#### WHAT IS NEEDED
Please write out every entry below exactly, leaving out any pictures.

[RECORDED DATA — start]

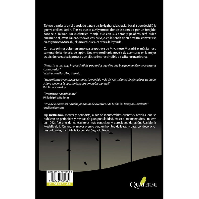 Musashi 1 La Leyenda Del Samurai / Yoshikawa Reseña: 368 PÁGINAS. Descubre la vida de Miyamoto Musashi, el más famoso samurai de toda la historia de Japón. Vivió los tiempos convulses de la post Guerra civil, el feudalismo y las reformas sociales que afectaban de modo especial a los “ronin”, aquellos samurais que, como Musashi, carecían de amo. Mezcla de ficción y realidad, es una obra fundamental para acceder al mito, gozando de una popularidad e influencia inigualables. Una extraordinaria novela de aventuras en la mejor tradición narrativa japonesa. Un relato vivo, sutil e imaginativo, rebosante de personajes memorables que pintan vividamente un mundo que durante mucho tiempo fue impenetrable para occidente. Un clásico imprescindible de las letras niponas. Takezo despierta en el desolado paraje de Sekigahara, la crucial batalla que decidió la guera civil de Japón. Tras su vuelta a Miyamoto, donde es tomado por un forajido, conoce a Takuan, un excéntrico monje que con sus actos y palabras sera quien encamine al joven Takezo, todavía casi salvaje, en la senda de su destino: convertirse en Miyamoto Musashi, el samurai que alcanzará a ser leyenda.'
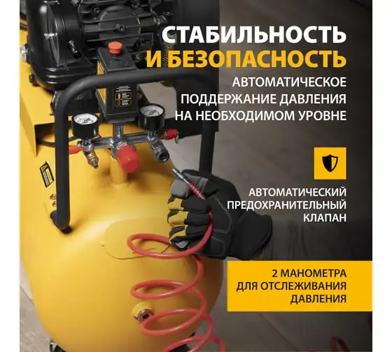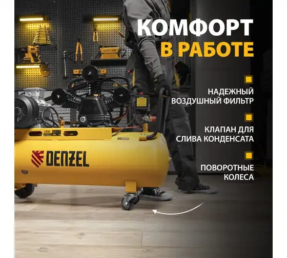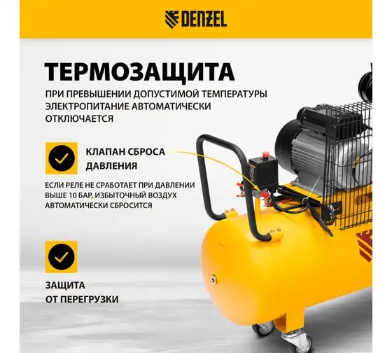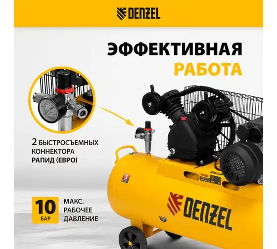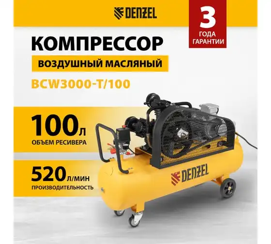 Воздушный компрессор с ременным приводом DENZEL BCW3000-T/100, 3,0 кВт, 100 литров, 520 л/мин 58118
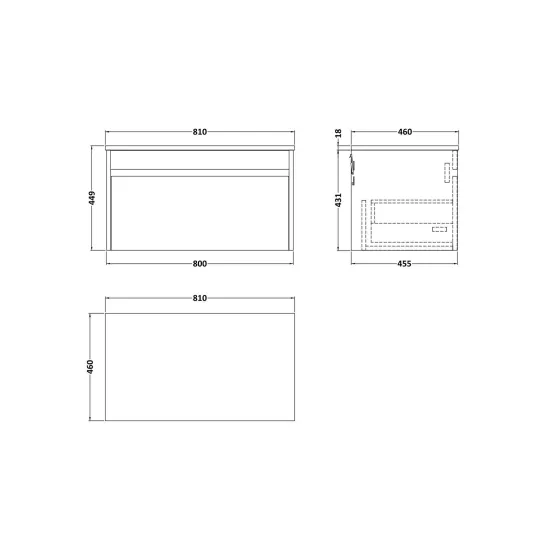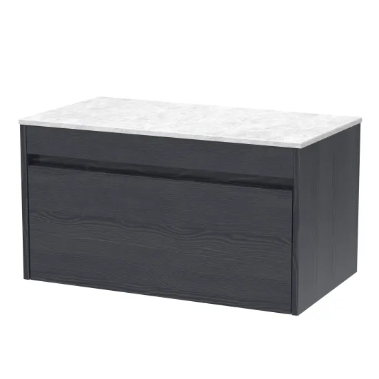 nuie Lux Loftwood 800mm Wall Hung 1 Drawer Unit and Marble Worktop - Graphite Grey Woodgrain
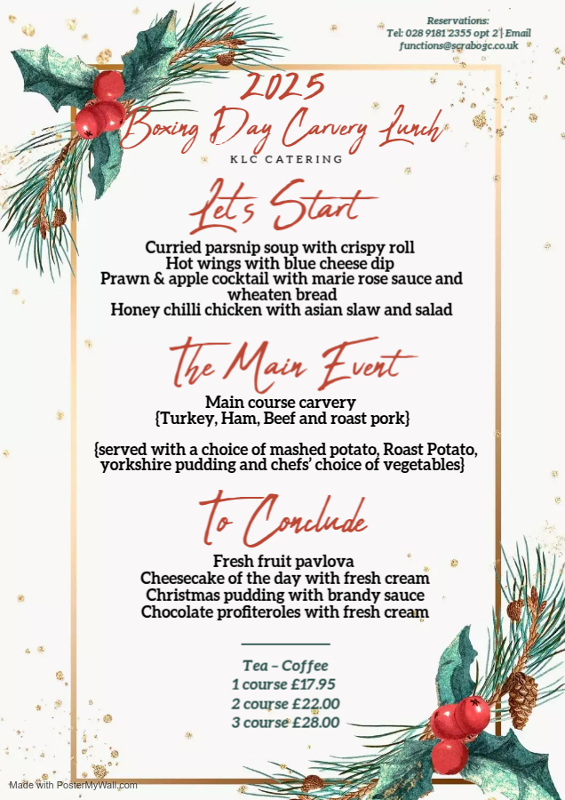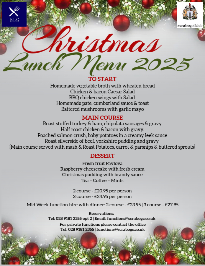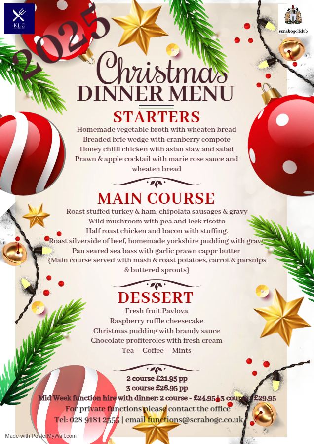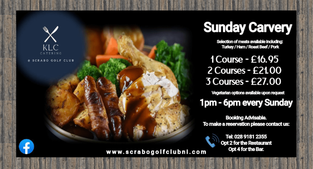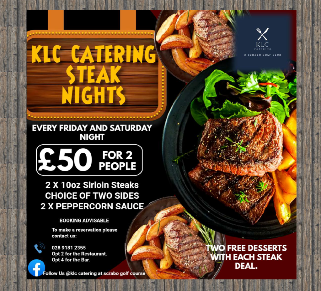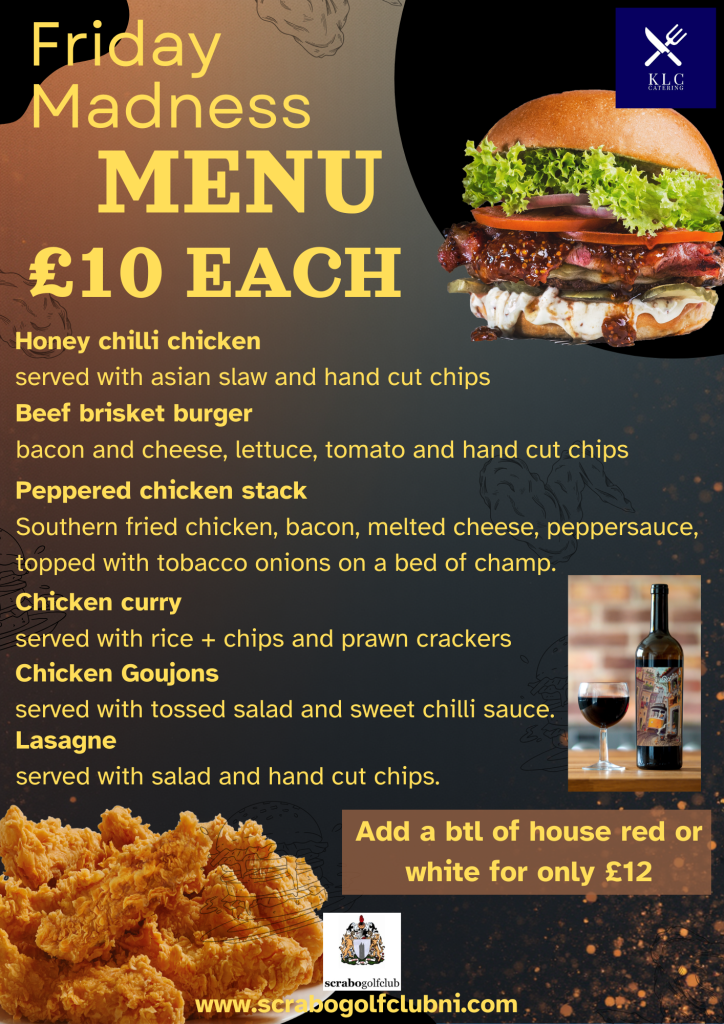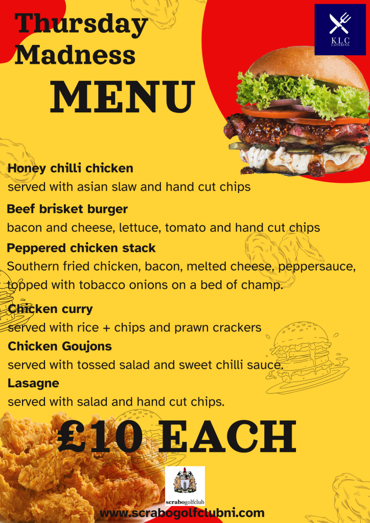 KLC CATERING We’re thrilled to welcome KLC Catering as the new catering franchise at Scrabo Golf Club! Current Opening Hours Mon: ClosedTues-Wed: 11am-3pmThurs-Fri: 11am-3pm / 5pm-9pmSat: 11am-9pm Sunday: 11am-7pm New Menu KLC Facebook Page
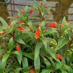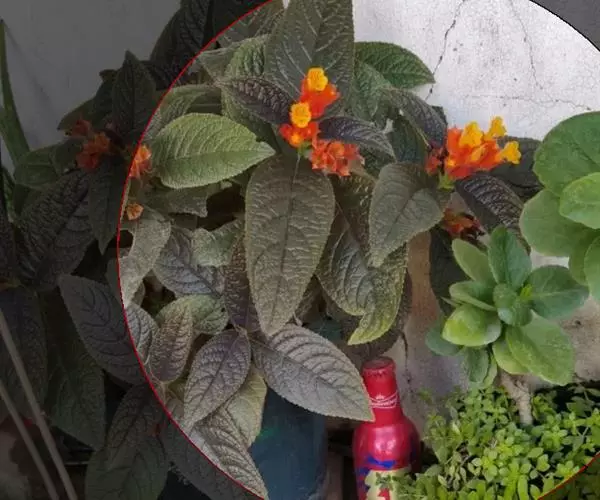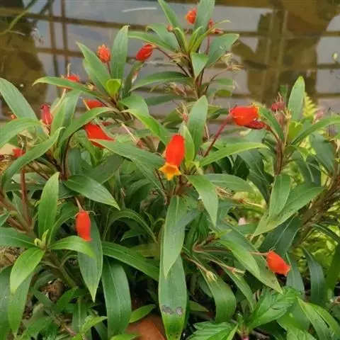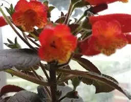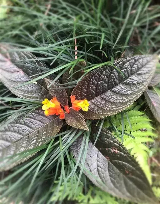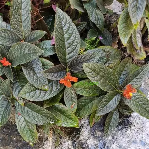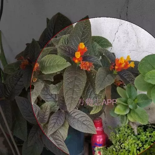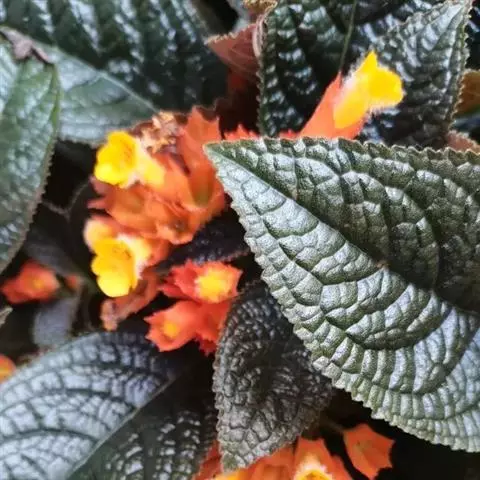 金红花为苦苣苔科多年生常绿草本植物,球根花卉。株高15~25cm 金红花 ;叶对生,阔披针形,叶面褐绿而有光泽,叶背紫褐色,叶缘有锯齿,叶脉明显而有细皱;花顶生或叶腋出,小花筒状,橙黄色。

[RECORDED DATA — finish]

#### ANSWER SPACE
 Musashi 1 La Leyenda Del Samurai / Yoshikawa Reseña: 368 PÁGINAS. Descubre la vida de Miyamoto Musashi, el más famoso samurai de toda la historia de Japón. Vivió los tiempos convulses de la post Guerra civil, el feudalismo y las reformas sociales que afectaban de modo especial a los “ronin”, aquellos samurais que, como Musashi, carecían de amo. Mezcla de ficción y realidad, es una obra fundamental para acceder al mito, gozando de una popularidad e influencia inigualables. Una extraordinaria novela de aventuras en la mejor tradición narrativa japonesa. Un relato vivo, sutil e imaginativo, rebosante de personajes memorables que pintan vividamente un mundo que durante mucho tiempo fue impenetrable para occidente. Un clásico imprescindible de las letras niponas. Takezo despierta en el desolado paraje de Sekigahara, la crucial batalla que decidió la guera civil de Japón. Tras su vuelta a Miyamoto, donde es tomado por un forajido, conoce a Takuan, un excéntrico monje que con sus actos y palabras sera quien encamine al joven Takezo, todavía casi salvaje, en la senda de su destino: convertirse en Miyamoto Musashi, el samurai que alcanzará a ser leyenda.'
 Воздушный компрессор с ременным приводом DENZEL BCW3000-T/100, 3,0 кВт, 100 литров, 520 л/мин 58118
 nuie Lux Loftwood 800mm Wall Hung 1 Drawer Unit and Marble Worktop - Graphite Grey Woodgrain
 KLC CATERING We’re thrilled to welcome KLC Catering as the new catering franchise at Scrabo Golf Club! Current Opening Hours Mon: ClosedTues-Wed: 11am-3pmThurs-Fri: 11am-3pm / 5pm-9pmSat: 11am-9pm Sunday: 11am-7pm New Menu KLC Facebook Page
 金红花为苦苣苔科多年生常绿草本植物,球根花卉。株高15~25cm 金红花 ;叶对生,阔披针形,叶面褐绿而有光泽,叶背紫褐色,叶缘有锯齿,叶脉明显而有细皱;花顶生或叶腋出,小花筒状,橙黄色。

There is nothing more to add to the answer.